In the short time I’ve spent on this board I must admit the extremity of many of my positions has calmed down a bit once I’ve found them–shall we say–unsupportable.
However, one thing that still seems to get my goat is the idea of rights. I’ve seen it asserted that people have a right to freedom of speech, a right education, a right to adequate health care, and so on.
Now, these are all fantastic topics in their own way and I’ve been in threads about them. But never on one about what rights themselves are.
For example, some have considered that rights are secured by the government; thus without a government we would have no rights.
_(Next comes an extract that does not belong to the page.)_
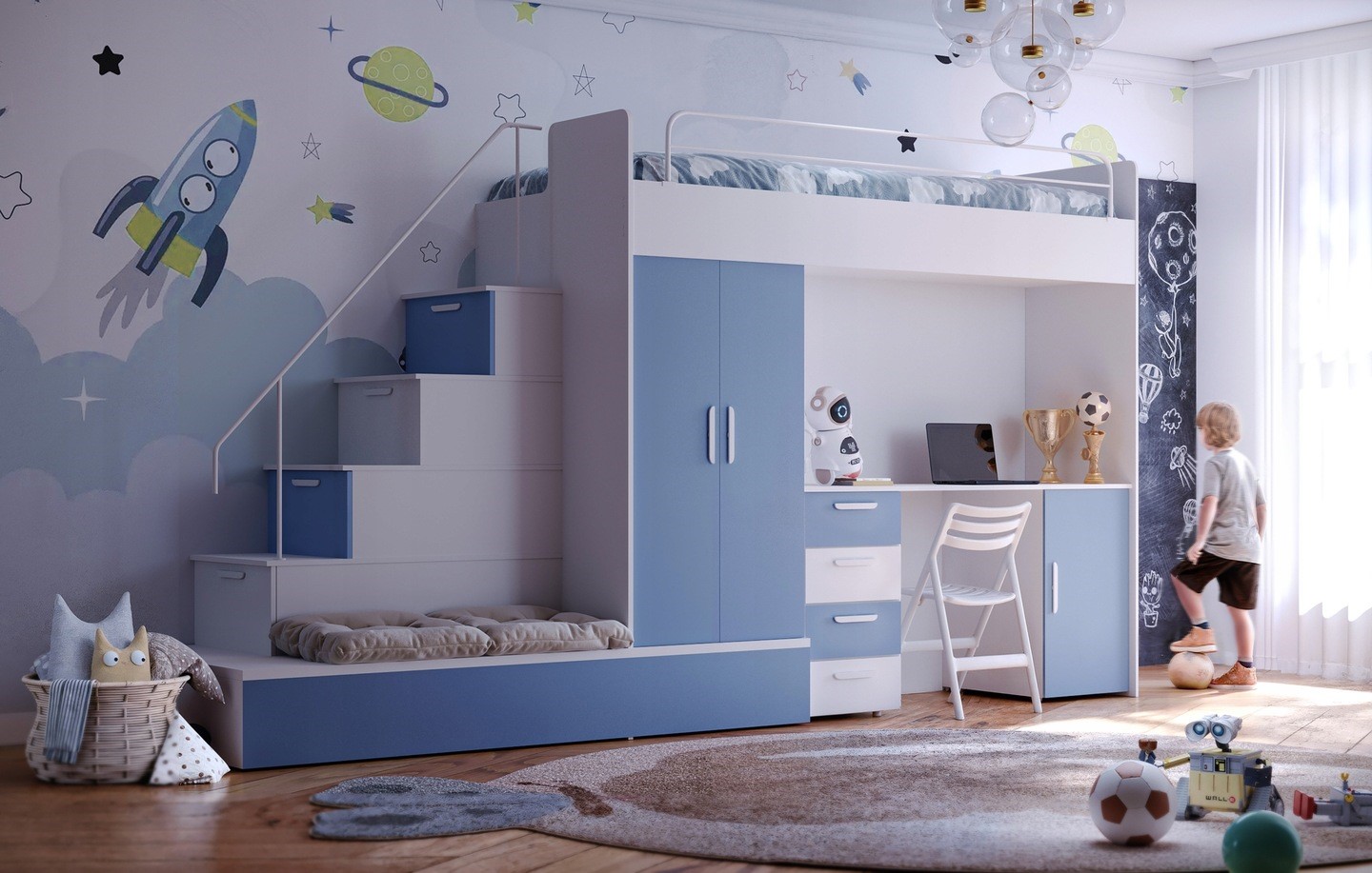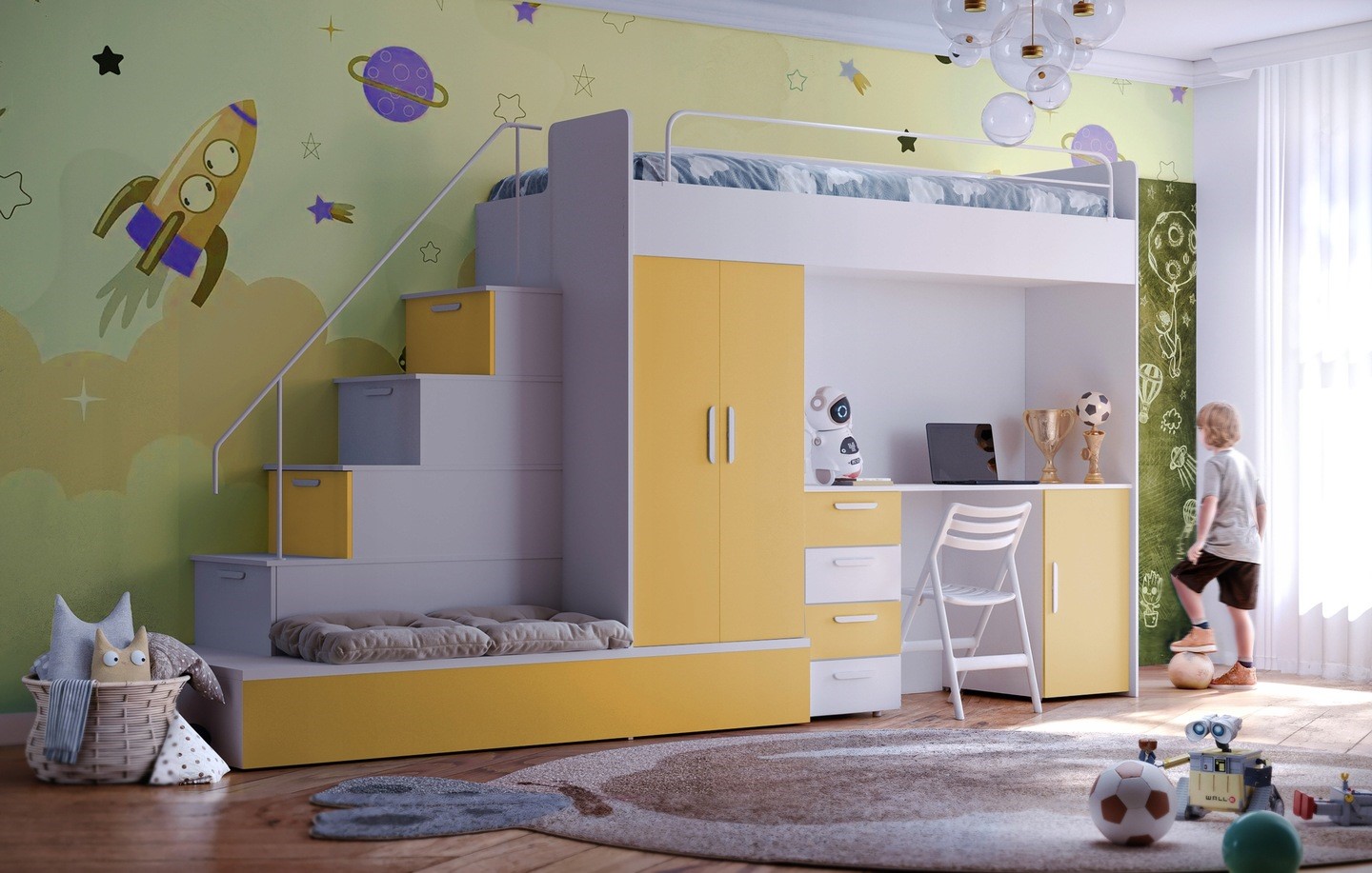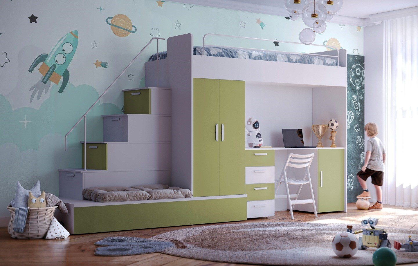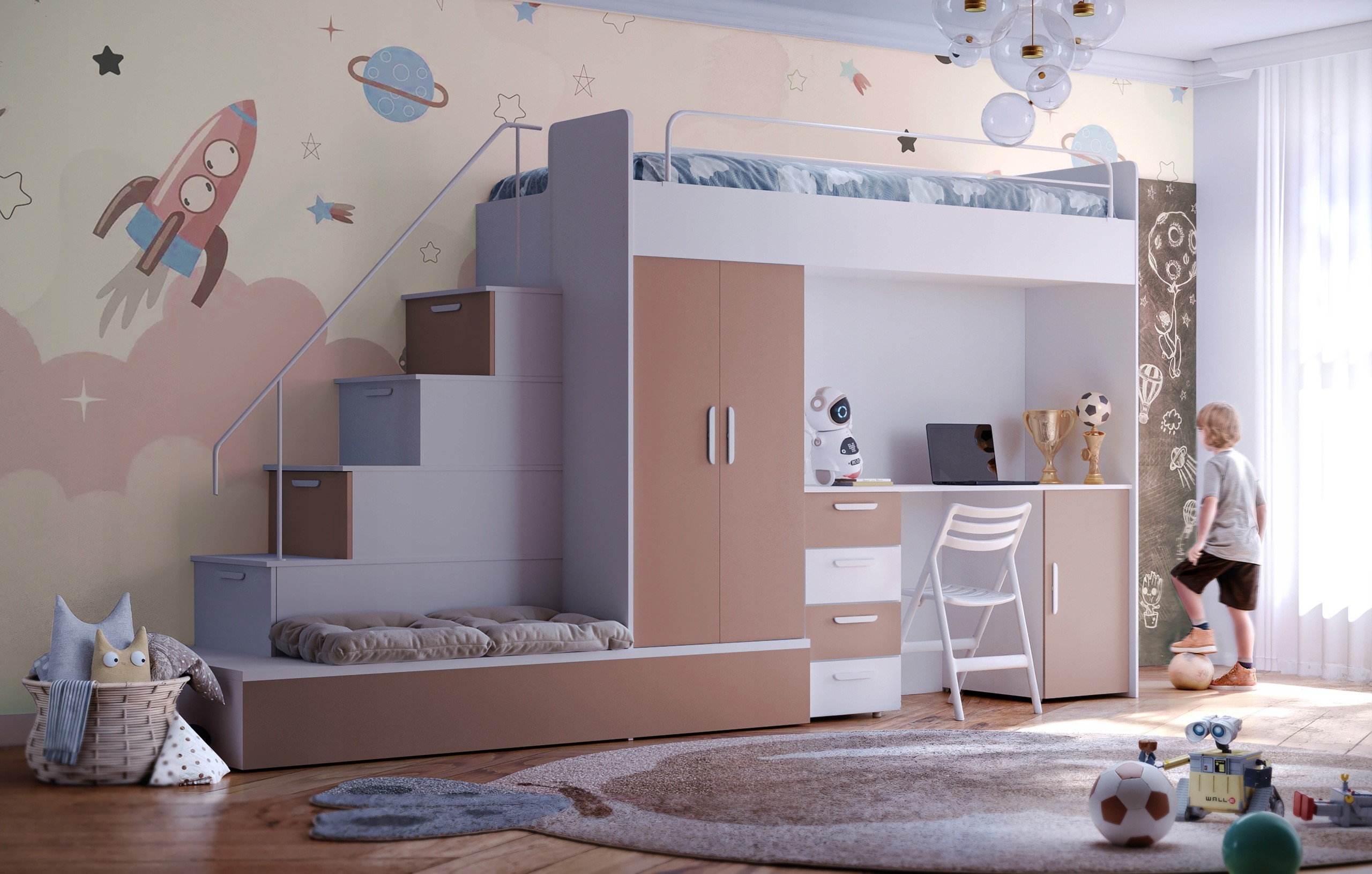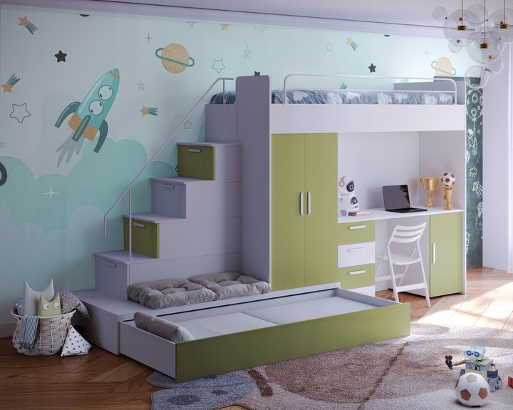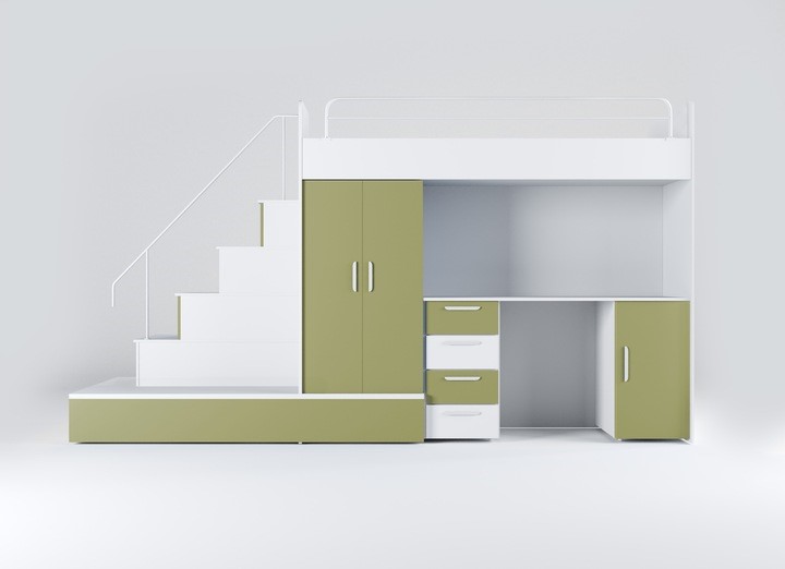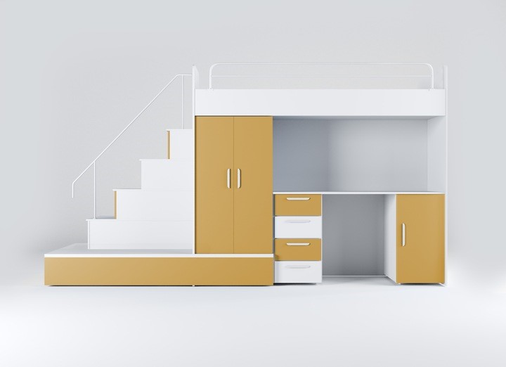 Postelja vključuje: mizo, garderobo, stopnice s predali, posteljni pod, vzmetnica za spodnjo dodatnje ležišče . Zgornja postelja je opremljena z zaščitno ograjo. Spodnja postelje se lahko uporabljajo kot praktični prostori za shranjevanje

This removes freedom from coercion from the picture of rights since the rights themselves are enforcable; indeed, the only way to have this right be practiced is to not enforce it, which does, admittedly, make the right seem like a load of hot air.
Rights, as they seems to be implicitly defined, belong to a man (or woman, just wanna keep pronouns straight) upon birth. My virtue of merely being born you have these rights.
Can we really consider education to be a right in any sort of free society? How does this not make other people your, at least partial, slave? The right to health care? That is, this isn’t something that is merely forced anymore but provided. I am not prepared to consider something that must be created a right.
Again, I don’t want to discuss the finer aspects of health care or education as a social structure or even obligation or practical matter, but as a right.
How can something that must be provided for by other people be considered a right? Or, can anything be considered a right under my definition?